In his 2007 talk Gallo introduces the light show produced by jellyfish and a creature that looks like a flying turkey. He shows us an octopus and a cuttlefish who are better at camouflage than any lizard and a squid who only shows his bright side to a potential mate. He says:

[T]oday we’ve only explored about 3 percent of what’s out there in the ocean. Already we’ve found the world’s highest mountains, the world’s deepest valleys, underwater lakes, underwater waterfalls….And in a place where we thought no life at all, we find more life, we think, and diversity and density than the tropical rainforest, which tells us that we don’t know much about this planet at all. There’s still 97 percent, and either that 97 percent is empty or just full of surprises.

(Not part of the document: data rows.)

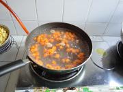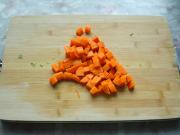 锅中加入适量的水烧开,先放入胡萝卜丁焯烫一会儿。
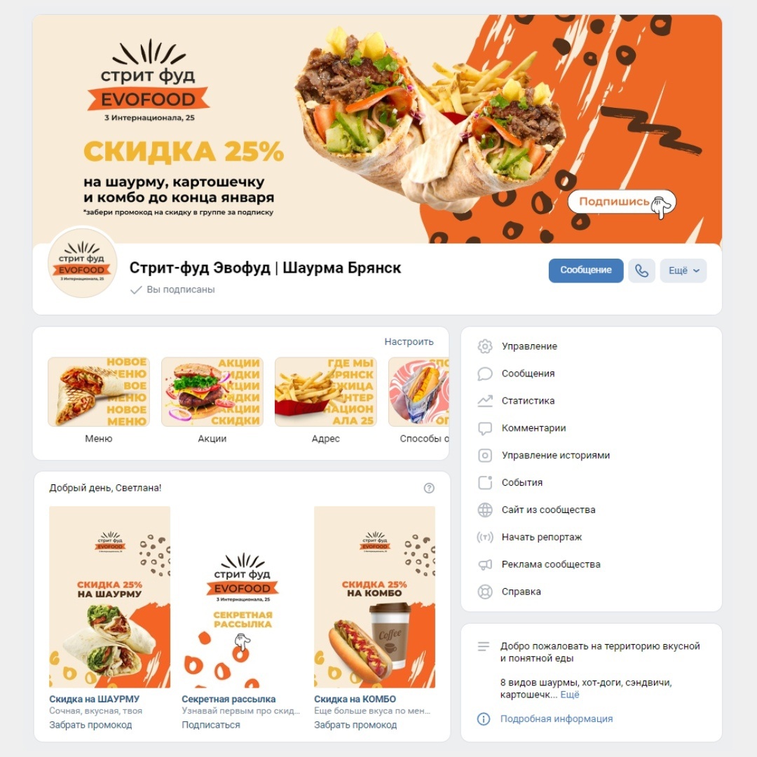 Дизайн сообщества ВК для стрит-фуда EVOFOOD (оформление «под ключ»)
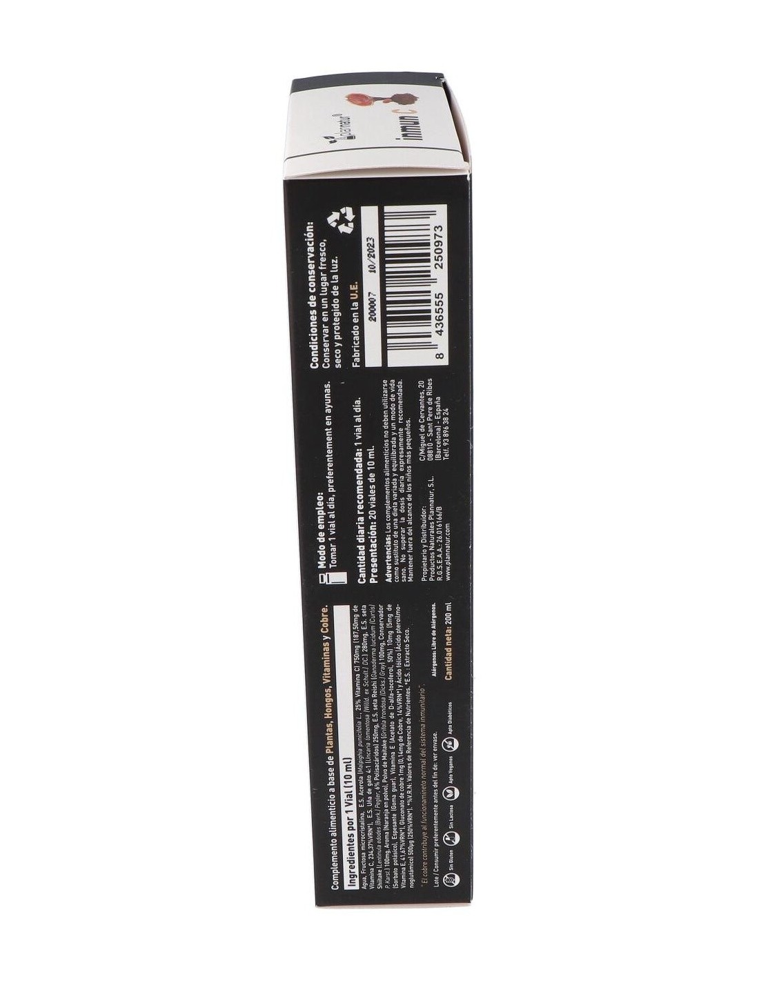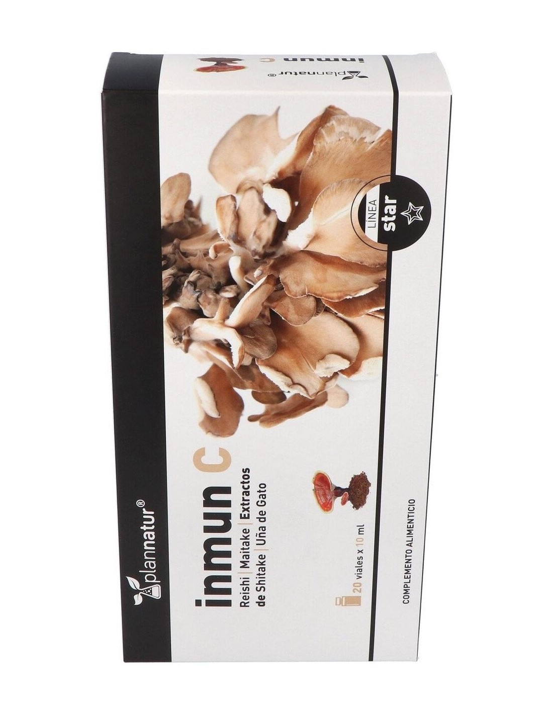 Complemento alimenticio en forma de ampollas bebibles, elaborado a base de extractos de la planta """"uña de gato"""" y de hongos reishi, shiitake y maitake, además de vitamina C y cobre, que contribuye a estimular y reforzar las defensas del sistema inmunitario. Contiene además vitamina B9, que ayuda a disminuir la sensación de cansancio.

In the latest talk, filmed in 2012, Gallo shows a river at the bottom of the Gulf of Mexico and talks about a mountain range in the middle of the sea that is 50,000 miles long, valleys wider and deeper than the Grand Canyon, a waterfall near Iceland that is the largest on the planet. He introduces Alvin, the submarine that makes deep, underwater exploration possible and holds out the exciting promise that one day we will be able to sit at our computers and explore the ocean ourselves. He ends with:

The oceans are unexplored, and I can’t begin to tell you how important that is because they’re important to us. Seven billion people live on this planet, and all of us are impacted by the sea because the oceans control the air you breathe, the water you drink, the food you eat. All those are controlled in some way by the ocean, and this is a thing that we haven’t even explored five percent.

Gallo’s talks are visits to the most exotic countries we can ever visit, our oceans. We hear a lot these days about melting ice, rising sea levels, plastic pollution and acidification. Gallo’s talks give me hope that if more of us become awed by the creatures who make their home in the waters around us, we will learn to cherish and protect them.